Alain Tao
In April, French President Emmanuel Macron found himself in hot water after making controversial statements in an explosive interview after a state visit to China.
The French leader warned against becoming “America’s followers” and reminded Europeans that if not enough is done to strengthen European autonomy, European countries “will become vassals” when tensions escalate between the United States and China.
These comments sent European policymakers into damage control, with Polish Prime Minister Mateusz Morawiecki declaring that “instead of building strategic autonomy away from the United States, I propose a strategic partnership with the United States.”
However, a largely overlooked remark by Macron may prove to be the most consequential. The French leader also suggested that Europe reduce its dependence on the “extraterritoriality of the U.S. dollar,” referring to Washington’s ability to deny countries access to the dollar-dominated global financial system.
This concern harkens back to former U.S. President Donald Trump’s decision to end Washington’s participation in the Iranian nuclear deal. That reintroduced a stringent sanctions regime that forced European businesses to withdraw from Iran or risk being sanctioned themselves. This unilateral decision drew fierce criticism from Europe of an alleged “weaponization” of the dollar that undermined European sovereignty.
Deals concluded surrounding Macron’s state visit to China seem to indicate a willingness by France to address this concern, namely by supporting the use of the Chinese yuan or renminbi in international trade.
For the very first time, a deal finalized during the visit between French shipping giant CMA CGM and China State Shipbuilding Corporation was made in Chinese yuan. It was the largest shipbuilding order made in China to date, with an order placed for 16 vessels valued at 21 billion yuan ($3.1 billion).
A week prior, France’s Total Energies and China National Offshore Oil Corporation concluded China’s first purchase of liquified natural gas (LNG) in yuan through the Shanghai Petroleum and Natural Gas Exchange.
“It is clear that French companies are seeking a form of protection against their perceived risks of the dollar, which China leverages to further its agenda of reducing its own exposure to American financial extraterritoriality,” observed Dr. Mathieu Duchâtel, the director of international studies at Institut Montaigne, a Paris-based think tank.

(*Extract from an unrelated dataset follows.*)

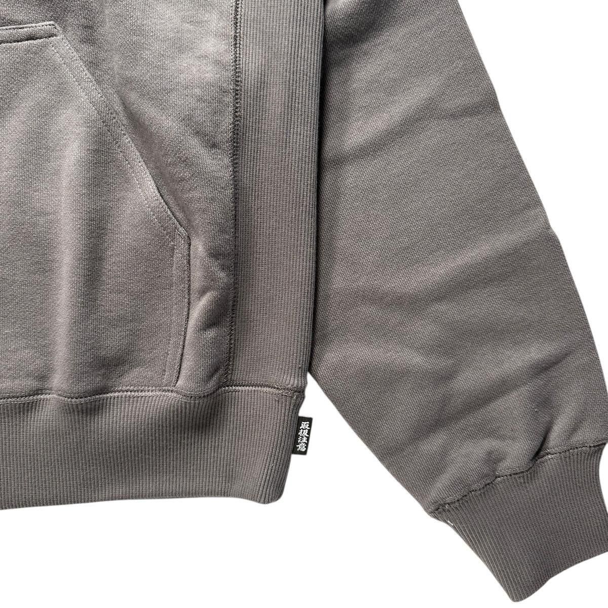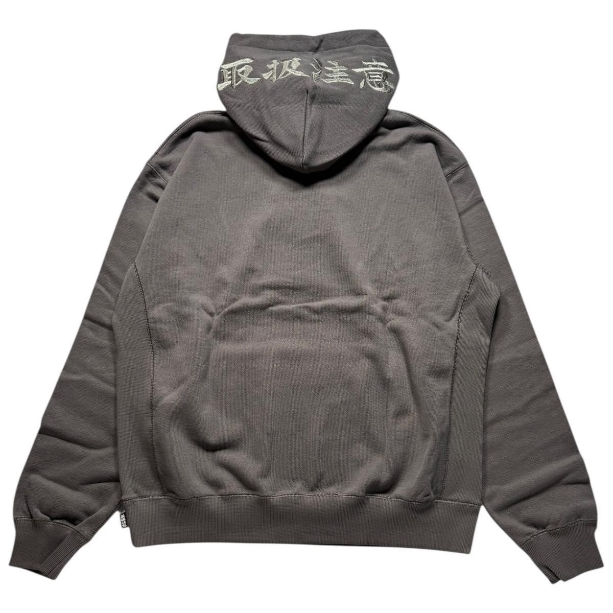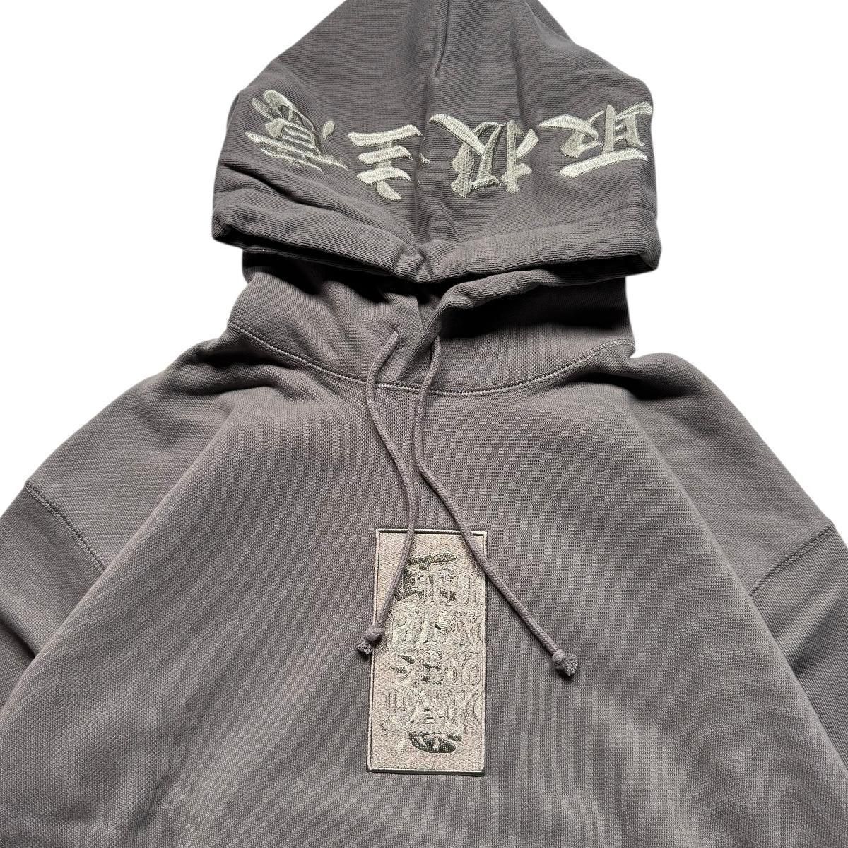 "取扱注意"LABELのグラフィックをボディと同色系で表現し刺繍で施したプルオーバーフーディー。

By using the yuan instead of the dollar, these transactions do away with U.S. banks as an intermediary. Amassing the Chinese currency also allows French companies to make purchases in China directly without the United States as a middleman. This arrangement could eventually radically transform the global role of Chinese banking institutions, as the internationalization of the Chinese currency would push them to the forefront of the international financial system.
These deals follow a growing trend of countries adopting the yuan for international trade. Last April, Israel added the yuan to its foreign currency reserves and in August Egypt said it would issue government bonds in yuan. This February, Iraq announced its intentions to allow trade from China to be settled in yuan, while Brazil completely abandoned the dollar in its commerce with China by agreeing with Beijing to trade in mutual currencies.

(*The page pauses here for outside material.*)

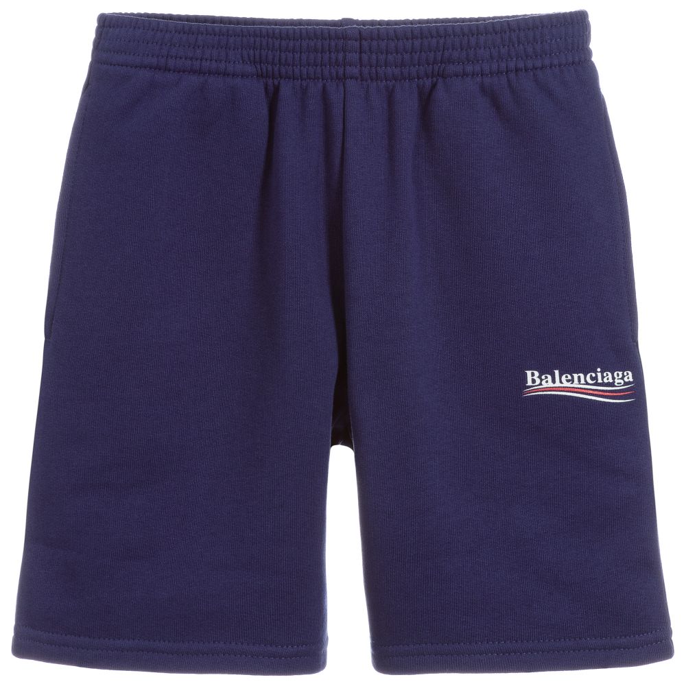 Comfortable mid-blue shorts for boys and girls by Balenciaga, with a red and white Political Campaign logo print. An oversized fit, they are made in mid-weight cotton sweatshirt jersey with a soft fleecy underside. They have useful side pockets and an elasticated waistband.

During his own visit to China, Brazilian President Luiz Inacio Lula da Silva openly bashed the centrality of the U.S. dollar. “Why should every country have to be tied to the dollar for trade?… Who decided the dollar would be the [world’s] currency?” questioned Lula in a clear rebuke of the role of the U.S. dollar. “Today, countries have to chase after dollars to export, when they could be exporting in their own currencies,” he continued.
For Paris, however, its stance on the issue is still far from evident. “It is much too early to tell if these renminbi-denominated deals signal a broader French support for the internationalization of China’s currency,” Duchâtel warned. “At this stage, there is only anecdotal evidence, but it is a trend worth observing.”